Wednesday, November 22, 2006

My Hat Goes Off...Maybe Even My Pants

It's going to take me a few minutes to get to the point of the title so just bear/bare with me.

I for one will be very glad when this semester is over. Talk about being on overload--geez...I feel like a machine that just grades papers and at that point the fun just isn't there to be able to enjoy the teaching experience. Well the forecast for next semester seems more favorable so far. I have three classes on M-W-F and two other night classes on T-TR which should make for a more manageable schedule and hopefully allow me to get my writing back on track--yeah--yeah--that's right--talk is cheap and I know it. The proof is in the actual writing and I need to get the routine back.

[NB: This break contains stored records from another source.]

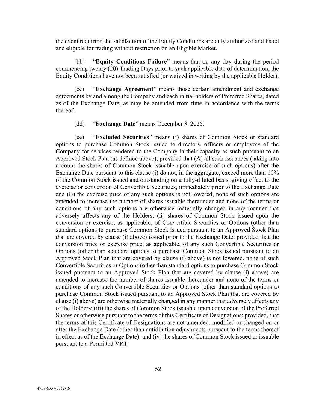 52 4937-6337-7752v.6 the event requiring the satisfaction of the Equity Conditions are duly authorized and listed and eligible for trading without restriction on an Eligible Market. (bb) “Equity Conditions Failure” means that on any day during the period commencing twenty (20) Trading Days prior to such applicable date of determination, the Equity Conditions have not been satisfied (or waived in writing by the applicable Holder). (cc) “Exchange Agreement” means those certain amendment and exchange agreements by and among the Company and each initial holders of Preferred Shares, dated as of the Exchange Date, as may be amended from time in accordance with the terms thereof. (dd) “Exchange Date” means December 3, 2025. (ee) “Excluded Securities” means (i) shares of Common Stock or standard options to purchase Common Stock issued to directors, officers or employees of the Company for services rendered to the Company in their capacity as such pursuant to an Approved Stock Plan (as defined above), provided that (A) all such issuances (taking into account the shares of Common Stock issuable upon exercise of such options) after the Exchange Date pursuant to this clause (i) do not, in the aggregate, exceed more than 10% of the Common Stock issued and outstanding on a fully-diluted basis, giving effect to the exercise or conversion of Convertible Securities, immediately prior to the Exchange Date and (B) the exercise price of any such options is not lowered, none of such options are amended to increase the number of shares issuable thereunder and none of the terms or conditions of any such options are otherwise materially changed in any manner that adversely affects any of the Holders; (ii) shares of Common Stock issued upon the conversion or exercise, as applicable, of Convertible Securities or Options (other than standard options to purchase Common Stock issued pursuant to an Approved Stock Plan that are covered by clause (i) above) issued prior to the Exchange Date, provided that the conversion price or exercise price, as applicable, of any such Convertible Securities or Options (other than standard options to purchase Common Stock issued pursuant to an Approved Stock Plan that are covered by clause (i) above) is not lowered, none of such Convertible Securities or Options (other than standard options to purchase Common Stock issued pursuant to an Approved Stock Plan that are covered by clause (i) above) are amended to increase the number of shares issuable thereunder and none of the terms or conditions of any such Convertible Securities or Options (other than standard options to purchase Common Stock issued pursuant to an Approved Stock Plan that are covered by clause (i) above) are otherwise materially changed in any manner that adversely affects any of the Holders; (iii) the shares of Common Stock issuable upon conversion of the Preferred Shares or otherwise pursuant to the terms of this Certificate of Designations; provided, that the terms of this Certificate of Designations are not amended, modified or changed on or after the Exchange Date (other than antidilution adjustments pursuant to the terms thereof in effect as of the Exchange Date); and (iv) the shares of Common Stock issued or issuable pursuant to a Permitted VRT.
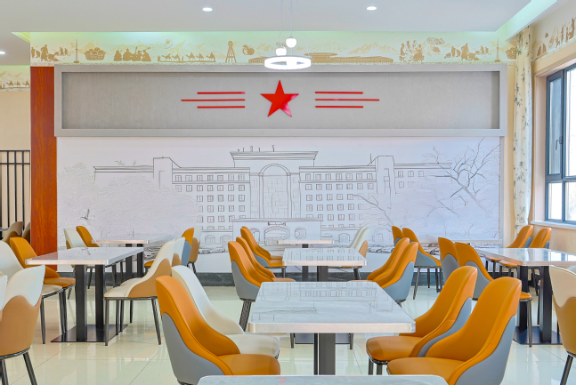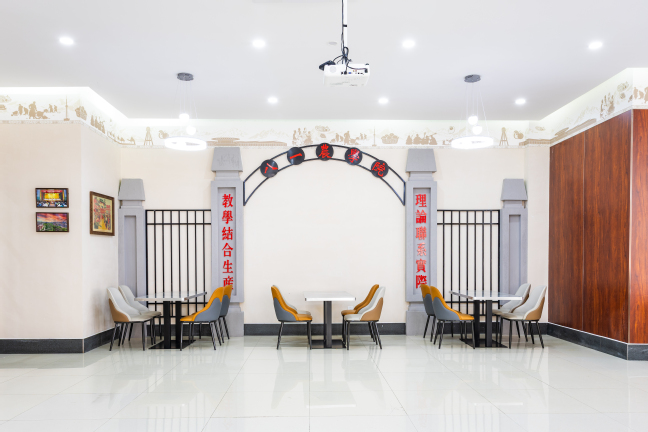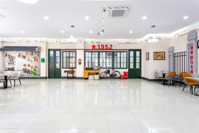 复刻的建校初期校门就立在餐厅最醒目的位置,朱红色的门楣上还留着当年的校名题字,当你看向这座大门,仿佛下一秒就能看见1952年第一批背着行囊入校的青年。门柱上“理论联系实际,教学结合生产”的办学方针,依旧清晰如昨,那是母校教给我们的第一课。
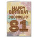 Une carte de plaisir pour les amateurs de chocolat. L'écriture est faite à partir de barres chocolatées!. Une belle carte d'anniversaire pour toute femme.
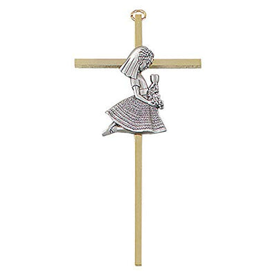 Christian Brands Gold Toned aand Pewter First Communion Decorative Hanging Wall Cross for Girls, 7 Inch
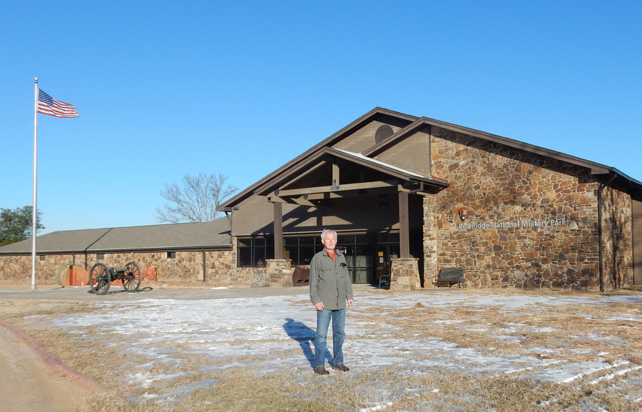 “The Battle That Saved Missouri for the Union.” Recall that yesterday we were at Wilson’s Creek National Battlefield. After that battle (August 1861) the Confederates withdrew, reformed and joined with other forces in Arkansas. Now a 16,000-man army, including about 1,000 Cherokees, their objective was to take St Louis. The 10,500 Federals knew they were coming and dug in along the bluffs above Little Sugar Creek and below Elkhorn Mountain, which is part of the Pea Ridge plateau. This was one of the few Civil War battles where the Confederates outnumbered the Federals.
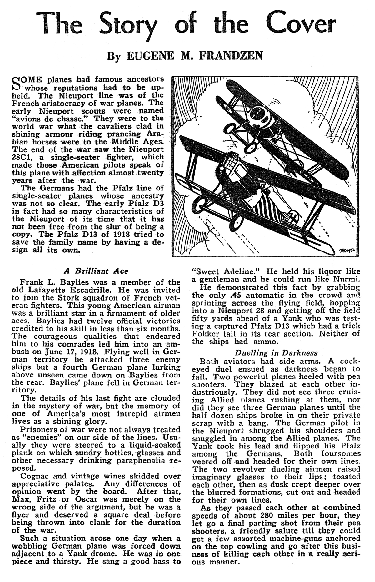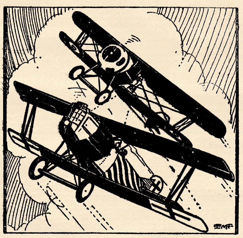 Both aviators had side arms, A cockeyed duel ensued as darkness began to fall. Two powerful planes heeled with pea shooters. They blazed at each other industriously. They did not see three cruising Allied planes rushing at them, nor did they see three German planes until the half dozen ships broke in on their private scrap with a bang. The German pilot in the Nieuport shrugged his shoulders and snuggled in among the Allied planes. The Yank took his lead and flipped his Pfalz among the Germans. Both foursomes veered off and headed for their own lines. The two revolver dueling airmen raised imaginary glasses to their lips; toasted each other, then as dusk crept deeper over the blurred formations, cut out and headed for their own lines.
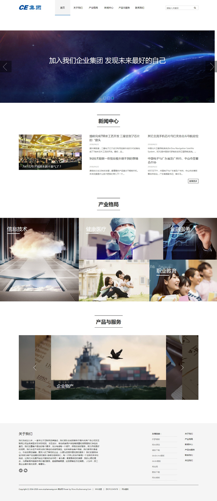 模板介绍:首页模板、新闻列表、单页、联系我们、文章页。
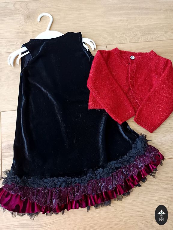 Melna samta kleitiņa ar aktuālajiem spīdumiem šajā vecumā.Rokas 3/4 ar rišiņām.Derēs 5-6 gadu vecumam.
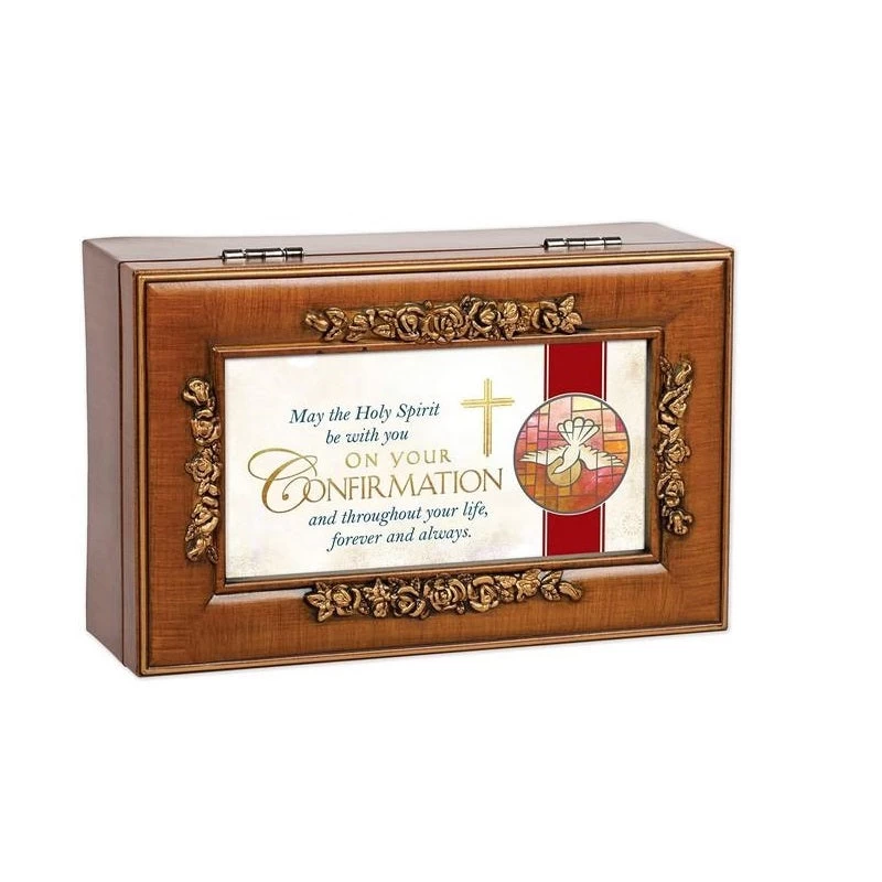 Celebrate and remember the confirmation day with this beautiful keepsake music box. It features woodgrain style finish with raised panel detail and hinged frame lid. Plays melodic tune On Eagle’s Wings. Ready for giving. This music box will be cherished for many years to come.
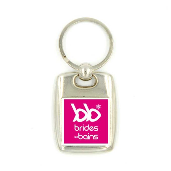 Porte-clés en métal avec sur les 2 faces du porte-clés le logo rose “BB” Brides-les-Bains.
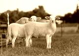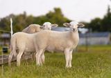 Katahdin sheep lamb twins looking at the camera on a green pasture in North Carolina.
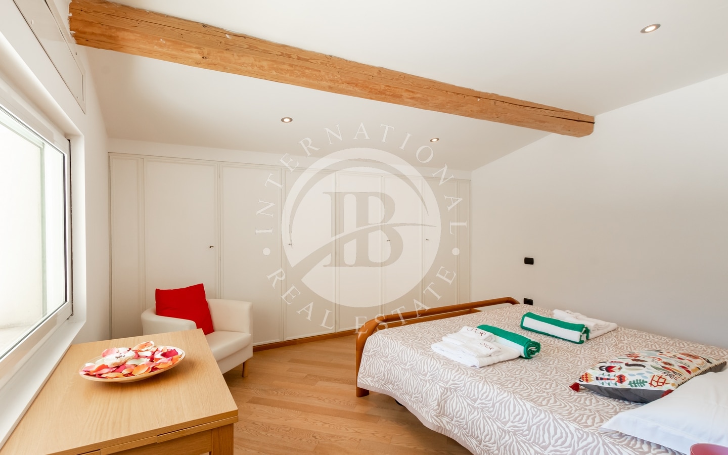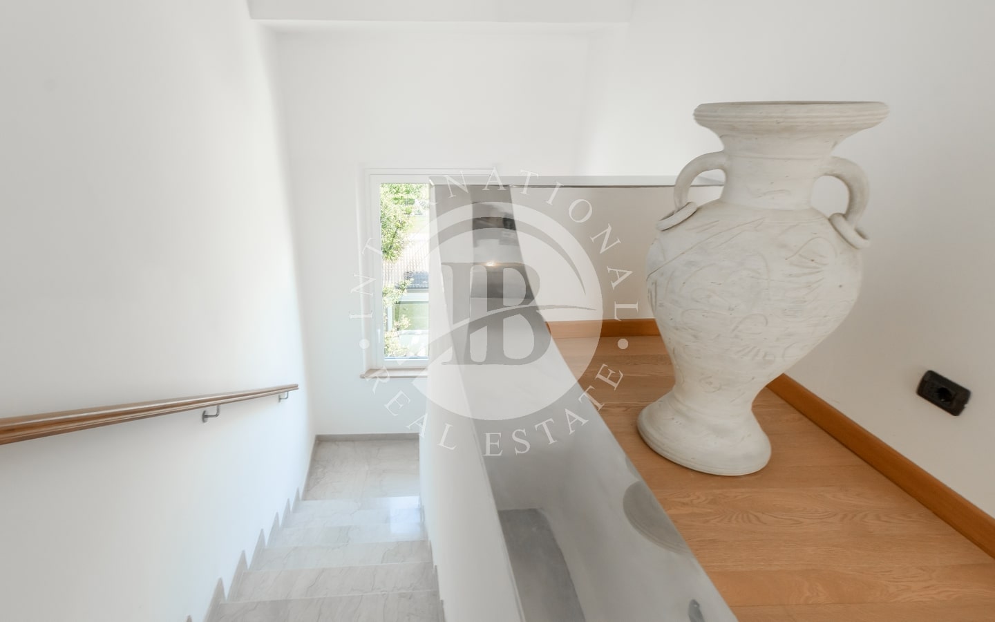 La proprietà principale si estende su una superficie di circa 500 metri quadrati, distribuiti su quattro livelli, e comprende uno splendidoattico oltre a un appartamento per il personale situato al piano seminterrato.
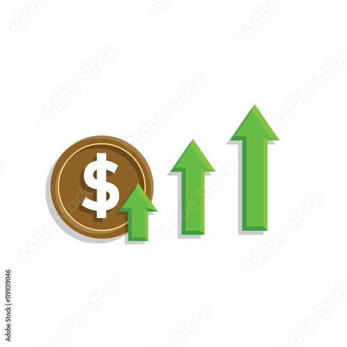 coin icon. money strengthens, rises. money management vector, business and finance icon, showing continuous movement. flat color design style
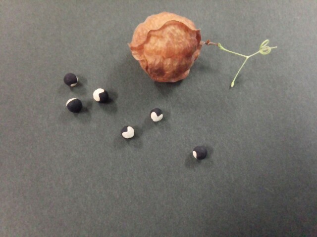ふうせんかずらの種を採りに行ってきました。茶色くなった風船の中に3個ずつ種が入っていました。ハート型の白いもようが入っていてネットの写真どおりでした。

Getting the routine back is important as long as the routine serves you and not vice versa. I advise caution here as well as enthusiasm. What one must remember is that the routine cannot control your life--otherwise it becomes a compulsion or addiction and we spend most of our lives feeding the monkey. We all have them--the routine which we all become accustomed to and just merrily allow ourselves to be drawn into its clutches. Most of the time we go willingly, we let it cradle us and even rock us to sleep sometimes. If we don't allow ourselves to break free of these routines--and of course I am referring to the bad ones--we will never be willing or able to accept the fact that change is always inevitable as long as we are willing to accept the consequences of those actions and that is where the crap hits the fan.

This results in calling for the destruction of another routine that brings us a sense of comfort. The one that says that to have something is better than nothing. These come in many shapes and forms...I'm not smart enough, or I am not good at something or I'm too old or I'm too young, I'm the wrong height, I'm too skinny or fat...etc. We conveniently use these as a tool to sit back on our comforting laurels and wallow in the muck of complacency because we don't want to be one of those kind.

Yet we hear about "those people" that dare to make the leap to break the bonds of complacency and do what everyone whispers about in dark corners when they see one of "those people." You have heard it and possibly even said it before:

"Have you heard what so and so did? How scandalous is that!"
"What could have come over him/her? What were they thinking?"
"Oh--it'll never work of course!"

Now i am not condoning acts of the bizzare or perverted but rather those that are grounded in some form of a moral sense of right or wrong.

If life was a fairy tale then things would always go perfectly. But when we remove the haze of complacency that has resided at our address for so long that we get mail addressed to Mr. or Mrs. Complacent, we have accepted it as the norm. Then we must decide that if we take the big risk and rid ourselves of this routine, perhaps it is a real chance to attain what we really want or need, even if the odds are against it. These people who take the chance and remove the blanket of false security and bare their butts to the cold harsh world in which we live and risk freezing their butts off by the rest of the so-called proper society, are the true risk takers. They have recognized what holds them back and removed the obstacles. They go double or nothing and hope for the best.

Remember the scene from the Indiana Jones movie...I think it was the one with the search for the Holy Grail when Indy has to take that step off the cliff and he cannot see the stone bridge that is actually there..it's a leap of faith. Not much different is it--to risk it all with just one step.

So to the butt bearing community--and you know who you are--my hat goes off to you folks--and heck even my own pants. And just to clarify...it's just one foot in front of the other--right?